**EXERCISE DIRECTIONS**
Return the data below exactly, please, but drop the pictures.

**DATASET EXTRACT**
= Beginning of Section =

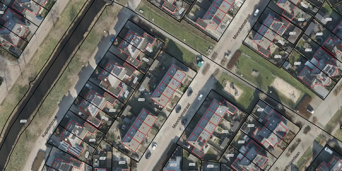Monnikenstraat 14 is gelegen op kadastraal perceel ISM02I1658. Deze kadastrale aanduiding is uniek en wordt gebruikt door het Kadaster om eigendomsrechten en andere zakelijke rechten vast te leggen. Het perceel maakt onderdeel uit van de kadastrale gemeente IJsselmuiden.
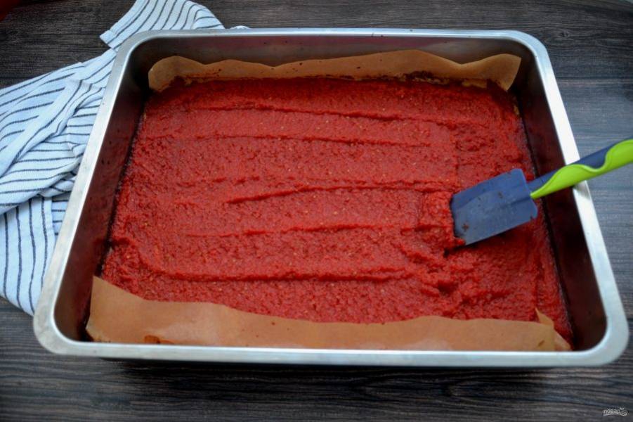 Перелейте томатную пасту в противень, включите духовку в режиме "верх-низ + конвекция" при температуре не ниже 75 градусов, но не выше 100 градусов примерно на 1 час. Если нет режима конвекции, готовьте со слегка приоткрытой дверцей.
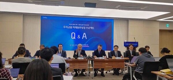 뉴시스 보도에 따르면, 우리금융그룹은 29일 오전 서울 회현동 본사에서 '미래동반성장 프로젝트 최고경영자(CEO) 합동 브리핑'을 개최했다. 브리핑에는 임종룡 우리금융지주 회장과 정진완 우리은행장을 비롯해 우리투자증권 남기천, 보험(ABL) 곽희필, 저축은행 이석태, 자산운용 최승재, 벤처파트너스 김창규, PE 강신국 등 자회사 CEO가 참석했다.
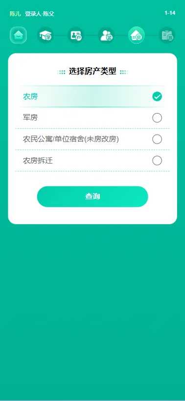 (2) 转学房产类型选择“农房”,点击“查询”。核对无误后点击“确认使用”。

= End of Section =

**RESPONSE AREA**
Monnikenstraat 14 is gelegen op kadastraal perceel ISM02I1658. Deze kadastrale aanduiding is uniek en wordt gebruikt door het Kadaster om eigendomsrechten en andere zakelijke rechten vast te leggen. Het perceel maakt onderdeel uit van de kadastrale gemeente IJsselmuiden.
 Перелейте томатную пасту в противень, включите духовку в режиме "верх-низ + конвекция" при температуре не ниже 75 градусов, но не выше 100 градусов примерно на 1 час. Если нет режима конвекции, готовьте со слегка приоткрытой дверцей.
 뉴시스 보도에 따르면, 우리금융그룹은 29일 오전 서울 회현동 본사에서 '미래동반성장 프로젝트 최고경영자(CEO) 합동 브리핑'을 개최했다. 브리핑에는 임종룡 우리금융지주 회장과 정진완 우리은행장을 비롯해 우리투자증권 남기천, 보험(ABL) 곽희필, 저축은행 이석태, 자산운용 최승재, 벤처파트너스 김창규, PE 강신국 등 자회사 CEO가 참석했다.
 (2) 转学房产类型选择“农房”,点击“查询”。核对无误后点击“确认使用”。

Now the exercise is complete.